Raison N°2365 : quitte à écrire sans en retirer de satisfaction pécuniaire ou de gloire littéraire (entendre par gloire littéraire la possibilité de trouver une lectrice riche et passionnée désireuse de m'entretenir pendant que je prends l'éternité qu'il me faudra pour devenir un bon écrivain), autant écrire sur ce qui me tient vraiment à cœur. 

Et pourtant. J'apprends. J'aprends tellement. D'abord, j'apprends que n'importe quel projet est sérieux quand on écrit, même un exercice de style, même un thriller dont l'intrigue ne sert que de support à la seule chose qui compte : regarder des personnages se débattre. Et puis j'apprends l'engagement. Même si c'est mauvais, maintenant, il faut aller au bout. J'apprends même la modestie : la publication du Poisson n'est peut-être, finalement, qu'un coup de chance isolé. Peut-être que le prochain ne sera lu par personne (comme celui que j'ai écrit entre les deux). 

Les gens avisés me diront : si tu nous as épargné 69996 raisons d'abandonner, pourquoi simplement ne pas céder au bon sens, et laisser ce projet mourir et se lancer dans autre chose ? 

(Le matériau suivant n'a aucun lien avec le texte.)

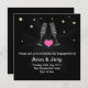 A beautiful plain invitation for a engagement party. The modern clean design contains two champagne glasses with bubbles and a heart.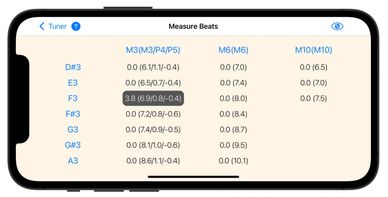 Actual beat rates of major third, sixth and tenth intervals related to the temperament can be measured. Intervals range from G#2 to F4. The beat rates of fourths, fifths and 4:2 octaves within the temperament can be calculated using the measured values.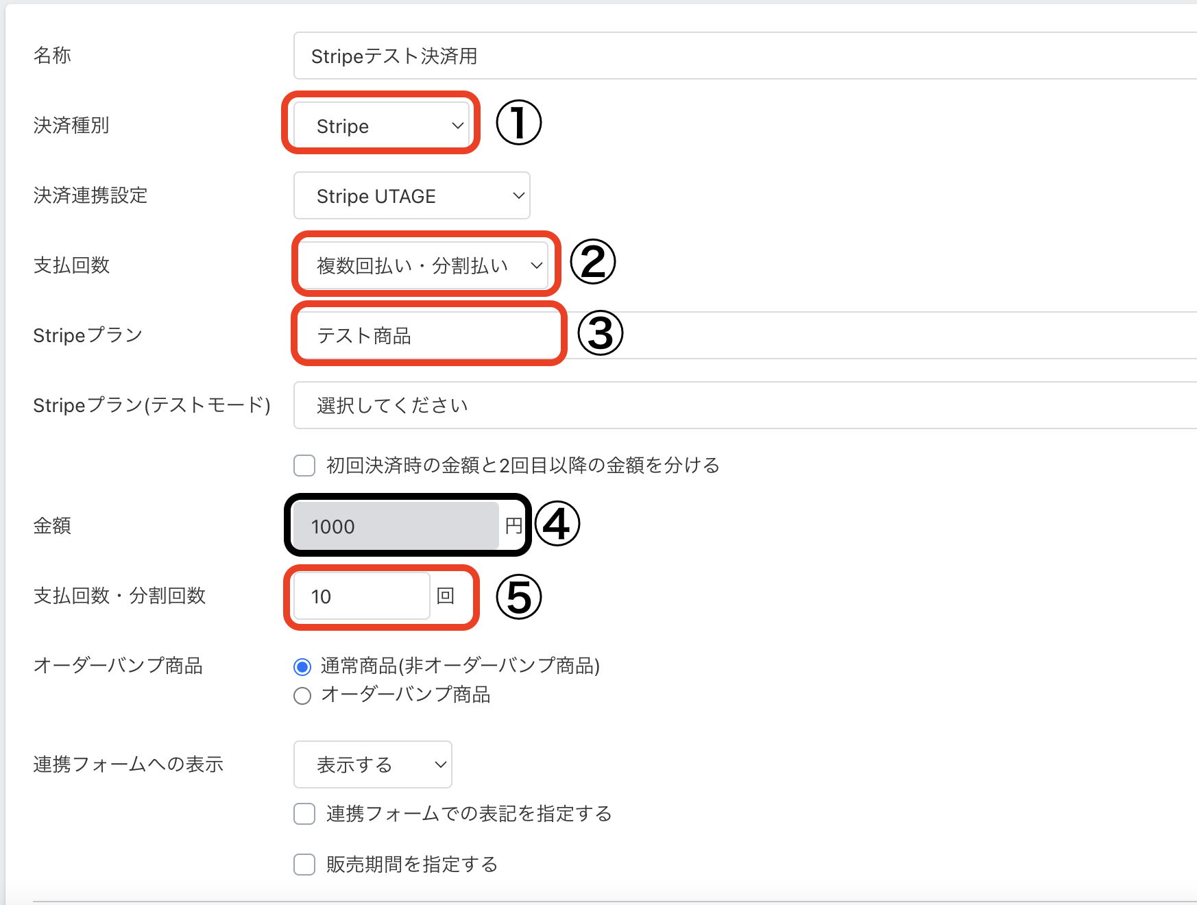 手順3.「決済種別」、「支払回数」、「Stripeプラン」の設定をします。

La bonne raison, c'est que je ne peux plus laisser ces personnages sans résolution. 
La raison acceptable, c'est qu'il faut s'entraîner à aller au bout : après tout, une fois retravailler, ce shitty first draft deviendra peut-être un livre potable. 
La mauvaise raison, c'est que les trucs importants me font peur. Je ne me sens pas capable, encore, d'écrire ce qui m'importe et que ça importe à d'autres. La peur, l'impuissance acquise, etc. 

Ce shitty first draft de mauvais thriller m'aide à apprendre la fiction. Chaque nouveau livre que j'écris m'aide à apprendre la fiction. J'ai une passion pour le réel, et j'ai même forcé ma nature inapte aux mathématiques pour amadouer les outils qui me permettent d'explorer le réel. Mais quand vient l'écriture, la vraie réalité, la vaie vie, c'est l'imagination, la fiction. Parce que c'est ça qui raconte ce que nous pensons du temps que nous habitons. Le réel, les historiens, les scientifiques, plus rarement les journalistes s'en occupent. Mais comment nous vivons le réel est le domaine de la fiction. 

Le réel, c'est que j'ai honteusement dérogé à la piété filiale pour écrire. Mais ce que j'ai écrit me dira plus tard pourquoi je croyais devoir le faire.